This feedback loop drives co-adaptation:
- LensNet focuses on high-value regions
- GistNet learns to compress those regions well
- LoRA adapts the base model to the current policy
- Repeat
Checkpointing Strategy
After each phase:
- Save module weights under
artifacts/checkpoints/ - Store counterfactual utility tables under
artifacts/deltas/(Parquet/Arrow format) - Mirror the unified experiment config under
configs/
Enables:
- Rollback if a phase destabilizes training
- Ablation studies comparing different phase combinations
- Reproducibility of experiments
Stability & Efficiency Tips
Preventing Oscillation
Hysteresis in Focus Allocator:
- Minimum residency steps: Blocks must stay in Working Context for ≥3 iterations
- Cooldown periods: After collapse, wait before allowing re-expansion
- Prevents: Expand/collapse thrashing during JT2/JT3
Stability Regularization:
- Small LOD2 penalty on gist drift in JT1
- Low learning rates for LoRA in JT3
- Cosine LR schedules with warmup per phase
Computational Efficiency
Batching Strategy:
- Mixed long-context tasks per batch
- Block size
K=32for manageable memory - Horizon
H=64for next-token prediction - Target ~8k effective tokens per microbatch
- Use gradient accumulation (e.g., 2 microbatches × 4 sequences) to fit 24GB GPUs
Counterfactual Sampling:
- Batch evaluate expand/collapse candidates in JT2
- Reuse base model forward passes across counterfactuals
- Cache intermediate activations when possible
LoRA Efficiency:
- Keep ranks small (
r=4–16) - Update only critical layers (embedding + 2 attention blocks)

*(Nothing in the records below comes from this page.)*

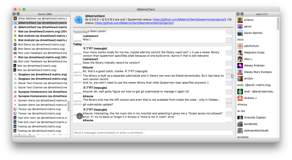 Quaternion 0.0.9.2 is out, another step towards 0.1. Aside from bugfixes and using the latest libQMatrixClient, it features an entirely new timeline layout similar to that of Riot (the old one is still around too). Also, you can now change some settings through the menu rather than by editing a configuration file or registry - including switching timeline layouts on the fly!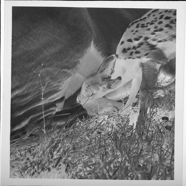 Curator: This evocative photograph by Jack Gould captures a tender moment between a fawn and a cow, simply titled "Untitled (baby fawn and cow, close-up view)". Editor: It feels so vulnerable. The closeness, the softness of the monochrome palette – it speaks to dependence and protection. Curator: Indeed. We can read this pairing through lenses of interspecies relationships, challenging anthropocentric views and prompting discussions around animal rights and welfare. The fawn, already a symbol of innocence, juxtaposed against the maternal figure of the cow… Editor: And the cow as a maternal figure is key; for centuries, the cow has signified nurturing, fertility, and the earth's bounty. Seeing the fawn sheltered in her presence, it strengthens that enduring motif. Curator: Absolutely. These intertwined symbols provoke thought about the complex ethical dynamics we face in our interactions with the natural world. Editor: It seems this image invites us to re-evaluate our relationship with animals beyond mere utility. Curator: Precisely. This simple photograph reveals a deeper connection. Editor: A connection reminding us of shared vulnerabilities.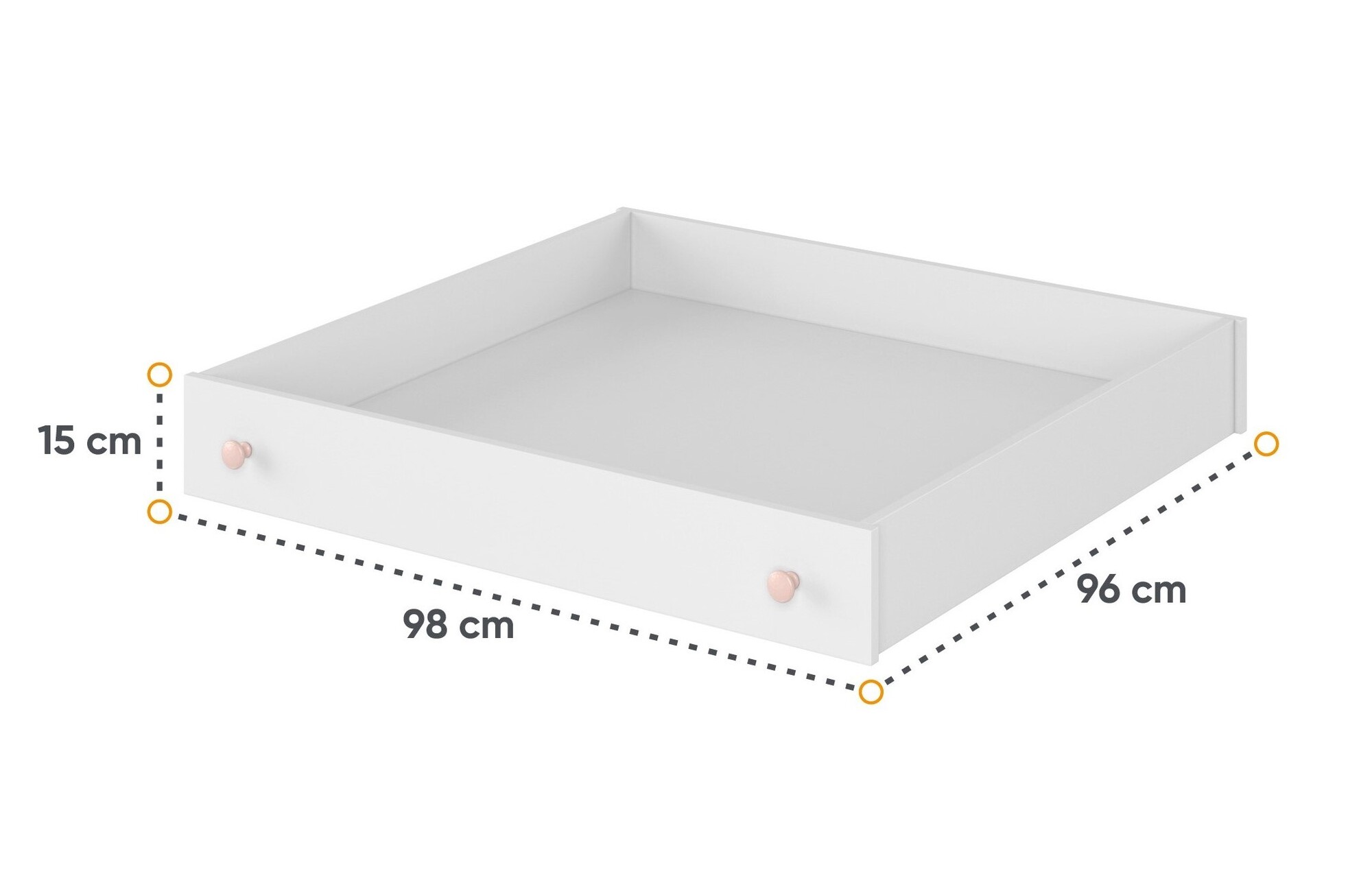- Εξωτερική Διάσταση Συρταριού: Μήκος 98cm x Πλάτος 96cm x Ύψος 15cm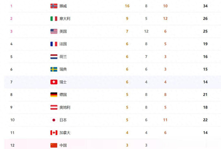 北京时间2月20日,冬奥会进入到了后半程的争夺,在前半程表现不佳的中国队迎来了爆发,我们不仅仅连续拿下金牌,而且在很多过往我们不擅长的项目上,虽然没有站上领奖台,但是连续的取得了历史性的突破,取得了冬奥会历史的最佳战绩,宁忠岩夺冠,给到了中国观众很大的惊喜,金牌榜再次大乱,中国队排名继续提升,已经成为亚洲第二,具体金牌榜如下: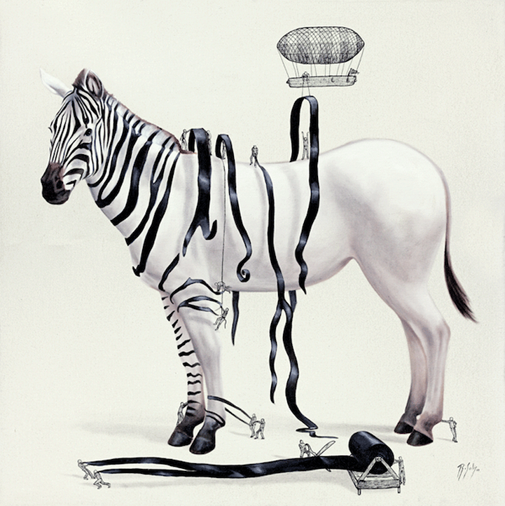 斑马不是天生的,而是成为一匹。对于斑马,你首先需要一匹白马,数米的黑胶带,小工人将它们切成碎片,并在齐柏林飞艇的帮助下将它们包裹在大型动物身上。鹈鹕用了很多粉红色......看看 Ricardo Solis 的俏皮插图,展示了这些动物是如何用丰富的想象力创造出来的!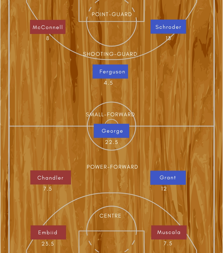 Regular Season Record- Philadelphia 76ers: W-30, L-16 Oklahoma City Thunder: W-20, L-18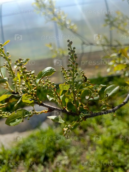 Цветущие весенние почки и ярко-зеленые листья на ветвях черемухи в оптимистичном настроении Символизируют Новый рост на размытом фоне теплицы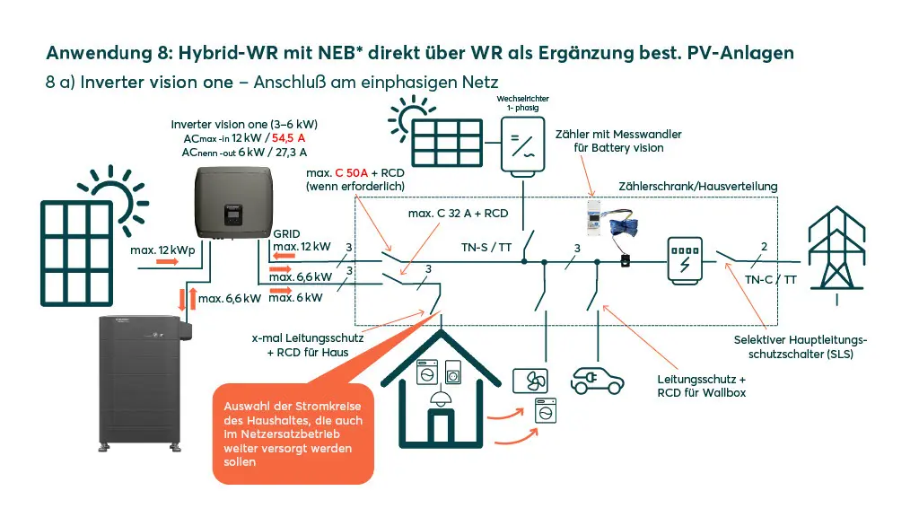 Hybrid-WR (Netzersatzbetrieb über WR, Ergänzung best. PV-Anlage)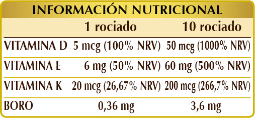 10 rociados contienen el máximo de vitaminas D, E y K y de boro.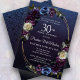 Des roses et des fleurs sauvages chics et mauves, sophistiqués et mauves, créent un design floral chic. Des côtelettes de blanc et de bleu ajoutent un intérêt visuel et une profondeur. Les baies et les fruits ajoutent au design sulfureux. Ensemble, elles décorent un cadre en or ovale à plusieurs brins élégant. L'invitation en retour a un motif vintage géométrique subtil. Cette invitation de 30e anniversaire fait partie de la collection Moody Purple Floral. Il contient des modèles que vous pouvez utiliser pour créer une suite d'invitation unique, ainsi que des modèles pour des panneaux d'accueil, des fournitures de fête et des décorations.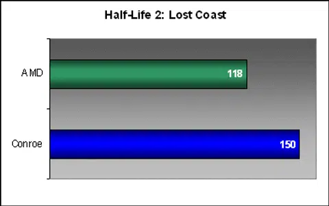 For Half-Life 2: Lost Coast, again we were running at 1024x768 with all details set to High in the Advanced tab. HDR and AA was not enabled however and standard Trilinear filtering was used. Again, HL2 benchmarks were run twice, the first time for caching and only the second round scores were recorded. What we noticed though was that the Conroe PC seemed to suffer from load issues, though we were told that this was due to the fact that Intel still hasn't optimized and worked out some of the storage driver bugs yet. However, even as the Conroe system loaded up the map a few second after the FX-60, it finished the benchmark way ahead. The Conroe machine only took 45 seconds to complete the benchmark run, while the FX-60 seemed to chug along to complete after 57 seconds. For those who are interested, Intel seemed to be using a custom demo file - pcba_lost_coast.dem.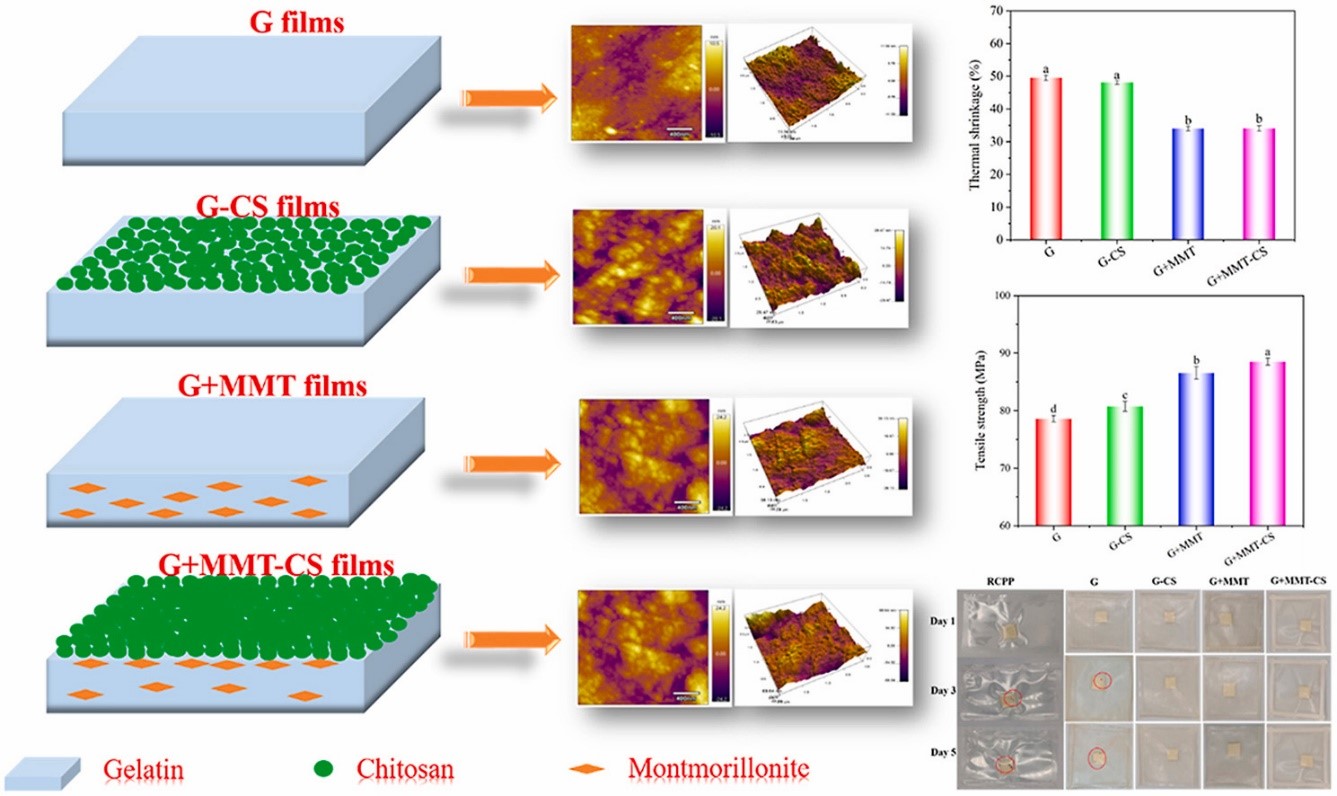 近日,该团队通过引入蒙脱土和自组装壳聚糖对明胶膜的热稳定性和亲水性能进行调控和改善,取得重要进展。相关研究以论文“Improved properties of gelatin films involving transglutaminase cross-linking and ethanol dehydration: The self-assembly role of chitosan and montmorillonite”发表在SCI一区期刊Food Hydrocolloids

- Goal is interface alignment, not knowledge injection
Curriculum Strategy
Start simple, add complexity:
- Early cycles: Narrative and document tasks (smoother gradients)
- Middle cycles: Add structured content (lists, tables)
- Late cycles: Add code and highly structured formats
Rationale: Let modules stabilize on easier tasks before introducing hard cases with strict boundary requirements.
Telemetry & Monitoring
Required Metrics (Per Iteration)
Stream to Weights & Biases or similar:
| Metric | Target | Purpose |
|---|---|---|
loss_at_h | Decreasing | Task performance at horizon H |
swap_rate | ≤ 0.25 | Focus stability (actions/block) |
mean_residency | ≥ 3 | Block lifetime in WC |
delta_nll_degradation | ≤ 0.1 | Compression quality vs full context |
latency_ms | Baseline +10% | Per-block processing time |
token_budget_utilization | Near W_max | Efficiency of focus allocation |
Diagnostic Traces
Allocator Action Traces:
- Log every expand/collapse decision with:
- Block ID, action type, utility score
- Token budget before/after
- Residency time of affected blocks
Purpose: Diagnose regressions and oscillation patterns
Validation Tests
Run after each phase:
- Substitutability test: ΔNLL@H on held-out compression examples
- Focus quality test: Compare utility predictions vs actual ΔNLL
- Boundary test: Synthetic examples with critical tokens at block edges
- Non-causal test: Verify LensNet’s C1/C2 attention patterns
Outcome
After 3–5 cycles of alternating optimization:
GistNet learns to encode what the policy needs — compressing spans that LensNet will actually collapse, with quality matching the regions where expansion is rare.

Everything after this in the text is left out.